Se visto da fuori lo stadio ha un certo fascino, non sono invece un grande fan di Easter Rd da dentro e il fatto che tifi Hearts non influisce assolutamente sul mio giudizio: ho visto foto dello stadio prima della ristrutturazione e, se paragonate al risultato odierno, il lavoro fatto ha avuto un effetto terribile, uccidendo l’atmosfera e l’unicità dello stadio nel nome di quattro stand “comodi” ma senz’anima.

Tornando alla gara, per gli Hearts siamo nella stagione post-fiveone, post-Romanov, la stagione in cui, risvegliatisi dall’hangover dopo il trionfo in Scottish Cup proprio contro gli Hibs (che si sarebbero dovuti sentire il coro “since 1902” ancora per altri quattro anni) si è subito capito che, per gli anni a seguire, ci sarebbe stato davvero da soffrire.

Con queste premesse, giocare la semifinale di una coppa (considerata la “wee Cup”, ma pur sempre un major trophy) era davvero un risultato importante. I Jambos arrivarono alla gara entrando nella competizione al terzo turno e dopo aver battuto Livingston (3-1 al Tynecastle) e Dundee United (4-5 ai rigori al Tannadice), mentre l’Inverness era partito dal secondo turno battendo, a sua volta, Arbroath (0-2 al Gayfield Park), Stenhousemuir (5-6 ai rigori ad Ochilview Park) e Rangers (0-3 ad Ibrox).

I giocatori degli Hearts festeggiano sotto il settore dei Jambos il goal di Ngoo

Considerando come le due squadre sono arrivate a quella sfida, non sorprende che la gara sia stata decisa ai calci di rigore. L’Inverness, allora guidato da Terry Butcher, era passato in vantaggio in avvio di secondo con Andrew Shinnie tempo prima che Ngoo trovasse il pareggio per gli Hearts. L’espulsione di Scott Robinson costrinse gli Hearts a giocare quasi un’ora (compresi i supplementari) in inferiorità numerica e anche per questo il successo finale (arrivato grazie all’errore di Philip Roberts nell’ultimo penalty della serie) è stato festeggiato da tutto l’ambiente, giocatori e i numerosi tifosi accorsi, con grande entusiasmo. Una vittoria ad Easter Rd, ambiente ostile per eccellenza per un tifoso degli Hearts, va sempre festeggiata anche quando non giochi contro i tuoi rivali!
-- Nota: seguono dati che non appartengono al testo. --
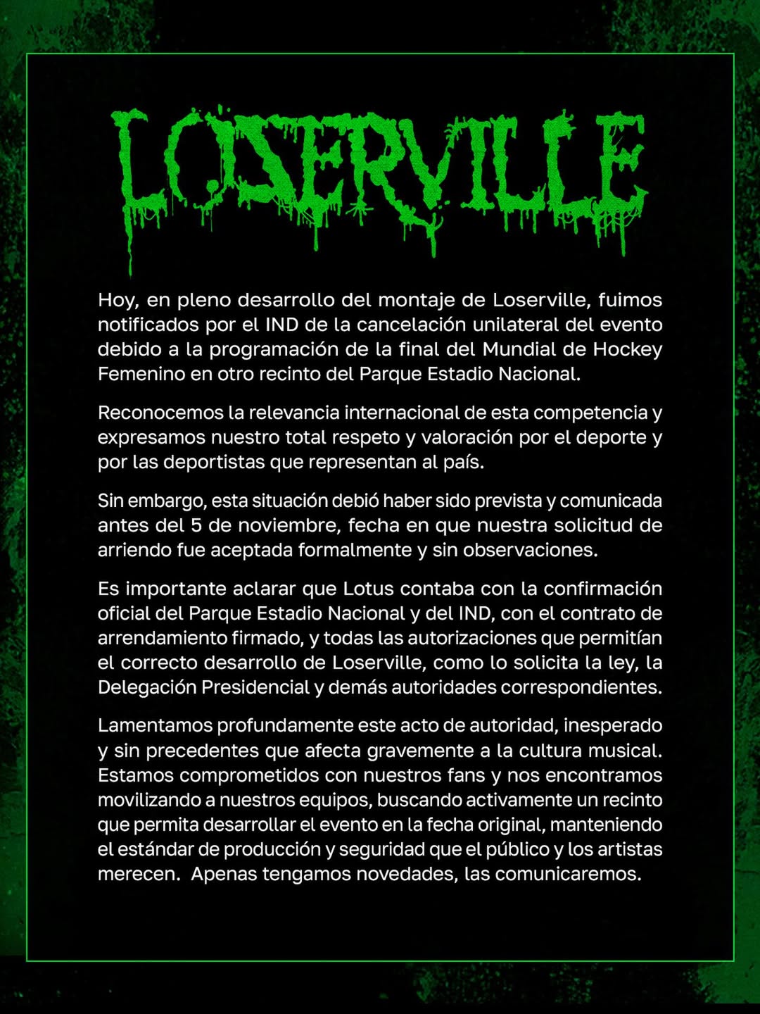 “Hoy, en pleno desarrollo del montaje de Loserville, fuimos notificados por el IND de la cancelación unilateral del evento debido a la programación de la final del Mundial de Hockey Femenino en otro recinto del Parque Estadio Nacional”, comenzó el comunicado de Lotus.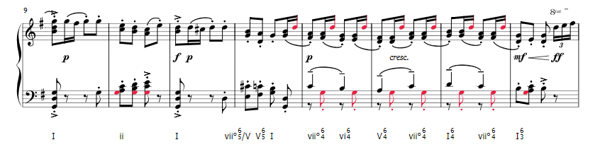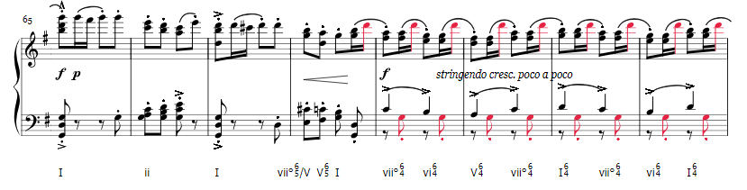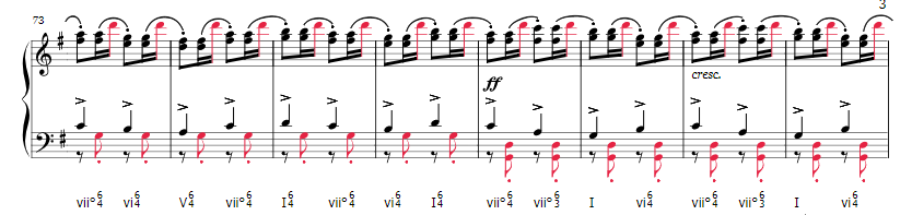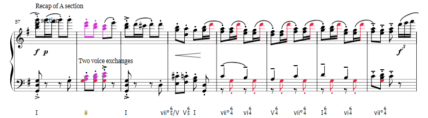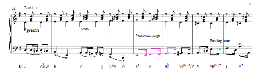 The harmonics of this piece are actually quite interesting. I often find myself confused by Tchaikovsky's harmonic decisions. They sound good, but sometimes it seems weird (to my feeble mind). One thing I am quite fond of is his use of something similar to Fauxbourdon which is a use of parallel first inversion chords. Tchaikovsky utilizes, within the last four measures of the A theme, parallel 2nd inversion chords (over a pedal point G, and under a pedal point D). I found this quite interesting. I labeled the pedal points with maroon.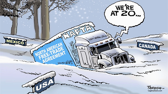 Với lý do NAFTA “cướp” hàng triệu việc làm của lao động Mỹ, gây tổn hại nền kinh tế Mỹ trong khi đem lại nhiều lợi thế cho Canada và Mexico, Tổng thống Donald Trump đề xuất tái đàm phán. Các cuộc thương lượng được khởi động từ tháng 8, đến nay đã trải qua ba vòng đàm phán, nhưng chưa đạt tiến triển nào đáng kể, trừ việc các bên đặt mục tiêu kết thúc đàm phán trước khi bắt đầu năm 2018.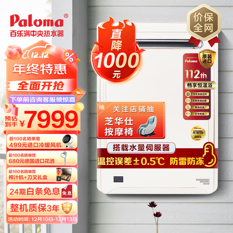 百乐满(Paloma)燃气热水器 24升 日本原装进口 室外安装 家用 (JSW48-EC-24K) 天然气价格:8999.00元!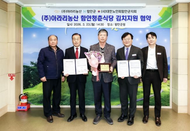 이번 협약은 홀로 식사 해결이 어려운 어르신들을 위한 함안청춘식당에 정기적으로 김치를 후원해 식당을 이용하는 어르신들에게 건강한 먹거리를 안정적으로 제공하고 급식의 질을 높이기 위해 마련됐다. 이에 따라 ㈜아라리농산은 매월 100kg 상당의 고품질 김치를 지원해 함안청춘식당 이용 어르신들에게 제공한다.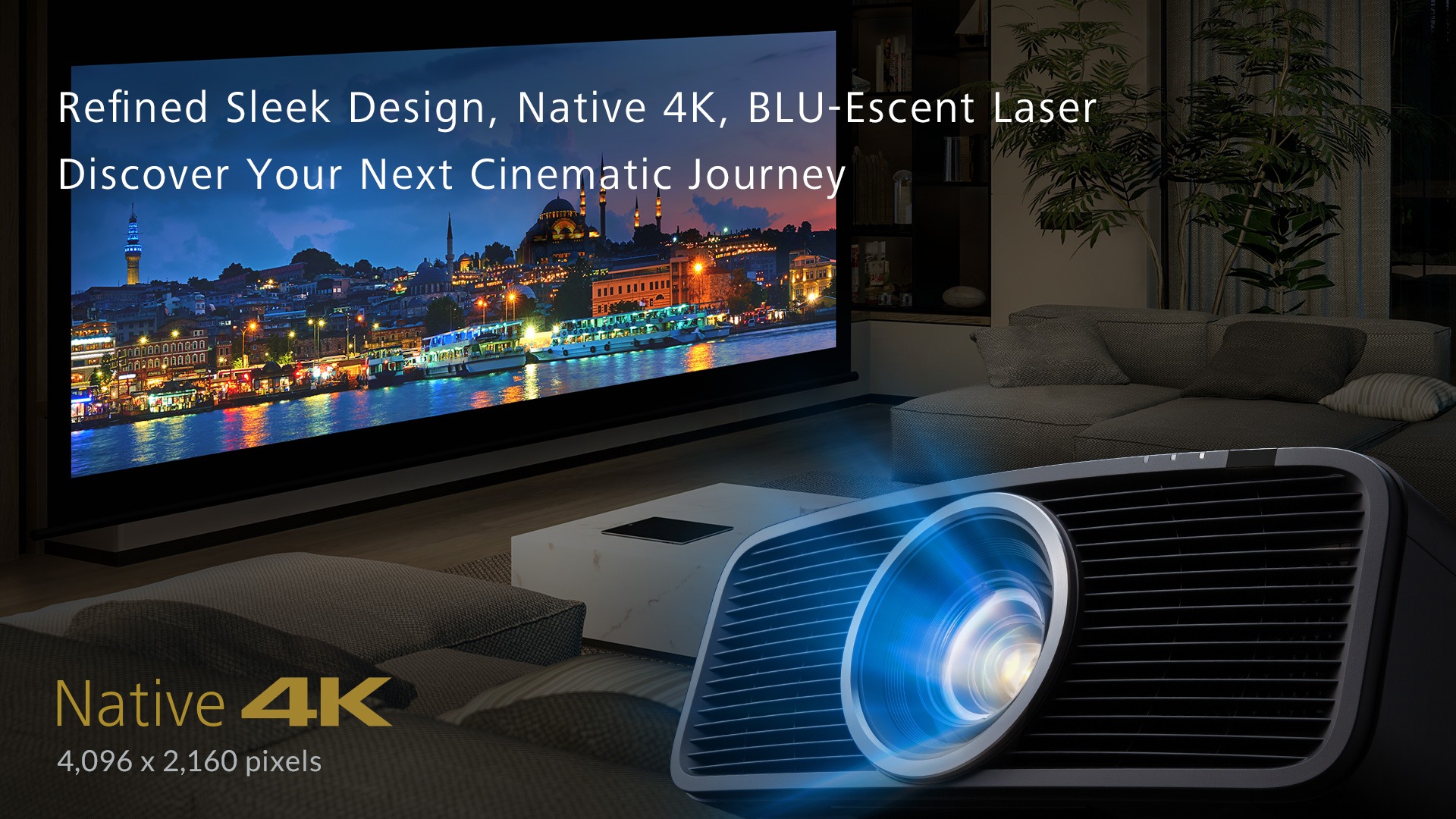 - Лазерный источник света: BLU-Escent обеспечивает яркость до 2300 люмен и ресурс до 20 000 часов, что гарантирует стабильное качество изображения без необходимости замены ламп.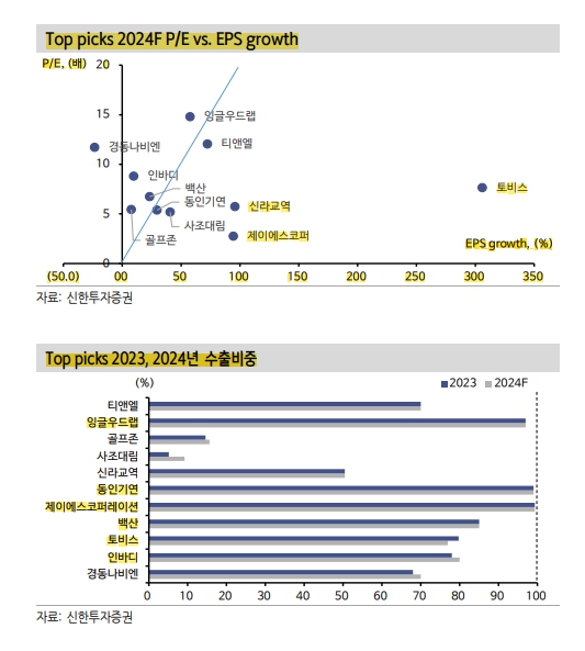 EPS높고, PER 낮은 수출 비중을 보면 토비스, 제이에스코퍼레이션 신라교역 정도.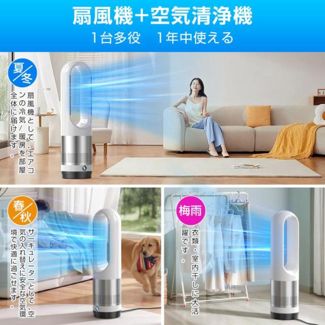 【一年中使えるタワーファン・3段階暖風・8段階冷風】最新型羽なしの冷暖兼用タワーファン、自動首振り機能が付き、3段階暖風・8段階送風、四季折々の快適な室内環境を作り、お好みの暖かさに自由に調節できます。一年中に大活躍です。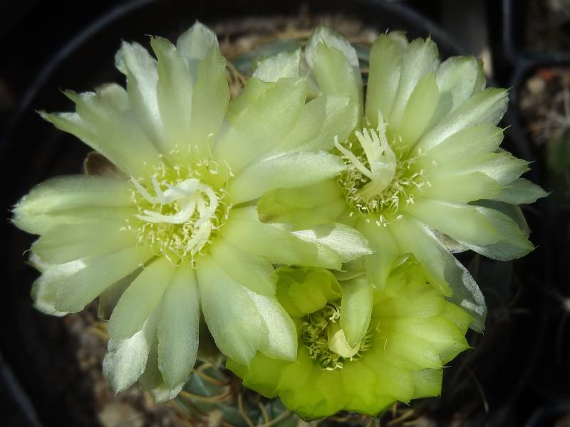 W zeszłym roku wysiałam kilka, ale już więcej tego nie zrobię - klapa w większości przypadków. Miałam nasiona 7 różnych pięknych odmianowych echinopsisów. Pięknie powschodziły i potem padły wszystkie. Jeszcze jeden dycha. Mammillaria wielkokwiatowa guelzoviana też padła.
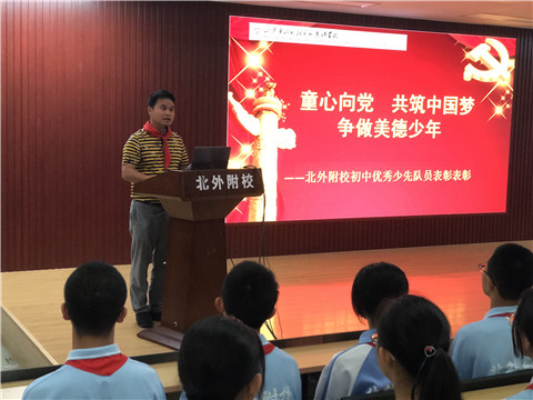 6月1日上午,我校初中在主教楼第二阶梯教室举办“童心向党,共筑中国梦,争做美德少年”庆祝“六一”国际儿童节暨优秀学生表彰大会。大会由初中副校长许祥主持,全体初一年级学生参会。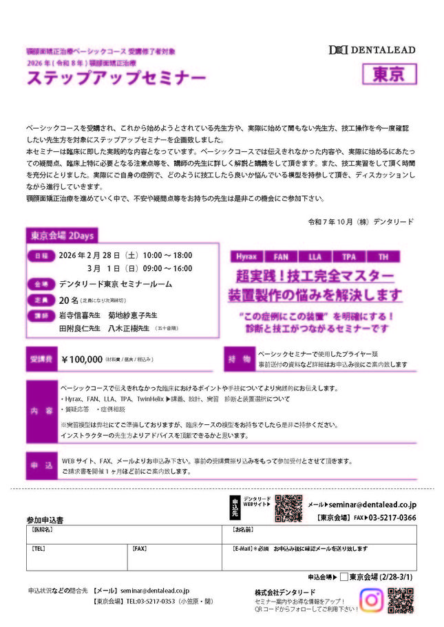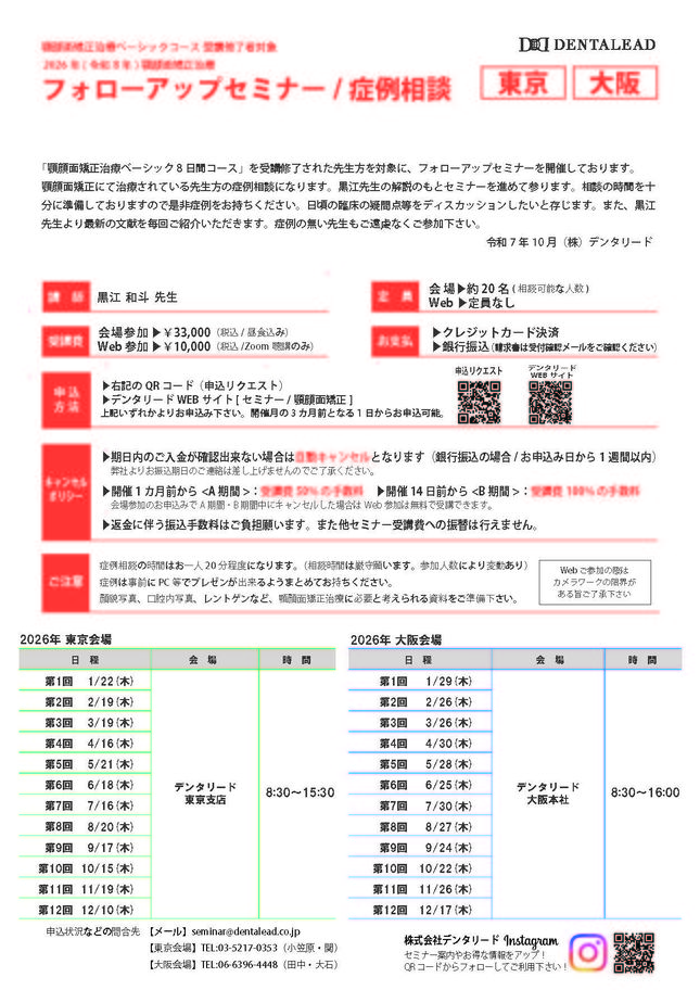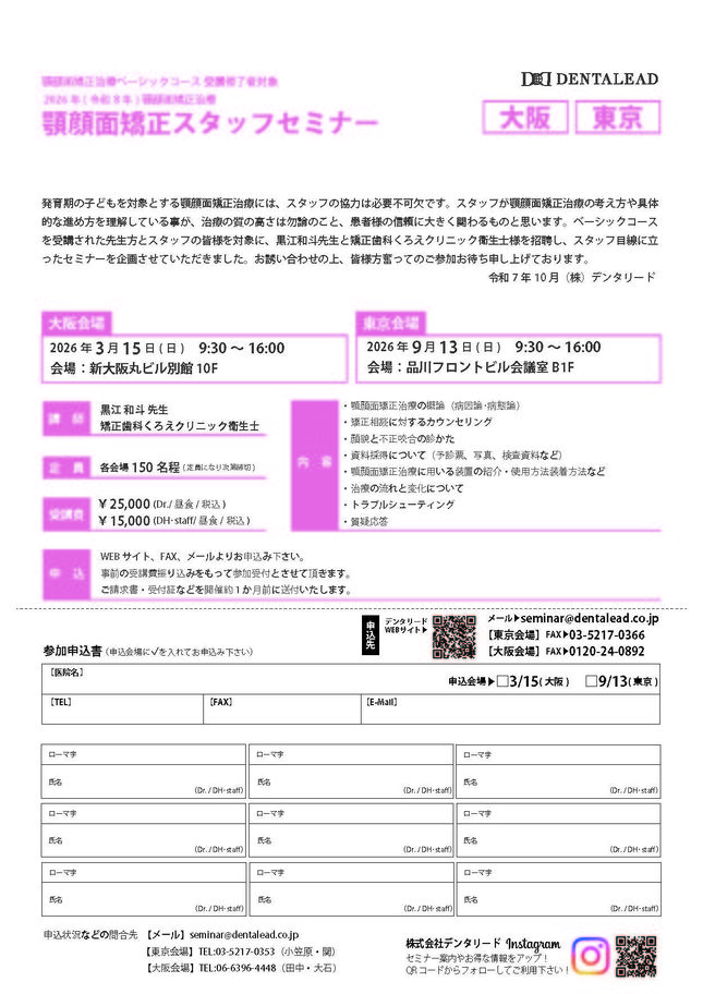 歯科医師歯科衛生士矯正歯科【大阪】2026年 顎顔面矯正 スタッフセミナー 〔デンタリード〕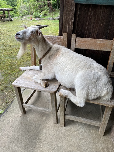 何と!入口付近の椅子にヤギが一頭座っている。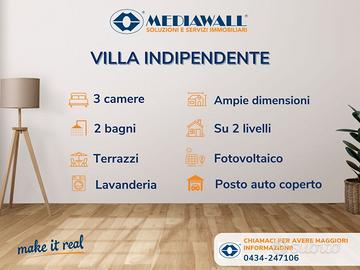 (Riferimento: BR-389-RV) Maniago (BR-389-RV) zona sud ferrovia: AMPIE DIMENSIONI - CONSUMI DI GESTIONE BASSISSIMI - COMPLETAMENTE INDIPENDENTE - 9 KW DI FOTOVOLTAICO Proponiamo interessante soluzione indipendente di ampie dimensioni che verrà edificata su due livelli. Piano Terra: soggiorno - pranzo con angolo cottura eventualmente divisibile, disimpegno, bagno finestrato con doccia, lavanderia, studio e portico; Piano Primo: camera matrimoniale con terrazzo dove eventualmente si può creare il bagno padronale, camera doppia, camera singola e terrazzo, accessoriata di doppio posto auto coperto. L'abitazione verrà costruita con impianto di riscaldamento a pavimento con pompa di calore, impianto fotovoltaico con un potenza pari ad 9 KW, serramento in PVC con triplo vetro. L'abitazione è personalizzabile. Contattaci per ulteriori informazioni o un sopralluogo. Buona opportunità! L'immagine pubblicata è puramente indicativa e non rappresenta pertanto l'immobile di futura edificazione.

Il match programme ufficiale della gara tra Inverness Caley Thistle e Hearts

I tifosi degli Hearts erano, per ovvie ragioni, la stragrande maggioranza dei 16,300 spettatori presenti quel giorno e il ritorno verso Gorgie è stato, ancora una volta, festoso. Quella stagione sarebbe stata, però, davvero avara di ulteriori soddisfazioni considerando che gli Hearts sarebbero poi stati battuti dal St Mirren in finale di League Cup, dopo esser stati eliminati dalla Scottish Cup proprio dagli Hibs (1-0 ad Easter Rd) e in campionato avrebbero chiuso al decimo posto, cambiando oltretutto guida tecnica in febbraio con Gary Locke che prese il posto di John McGlynn (che ad inizio carriera si è anche trovato a fare lavori da idraulico per permettere al suo club di allora di andare avanti).

Sembra quasi impossibile da credere che la stessa squadra, ad inizio stagione, era stata eliminata dall’Europa League ai playoff dal Liverpool perdendo 0-1 al Tynecastle ma pareggiando 1-1 ad Anfield, passando in vantaggio con Templeton prima che Luis Suarez spegnesse i sogni di tempi supplementari con un goal al minuto 88.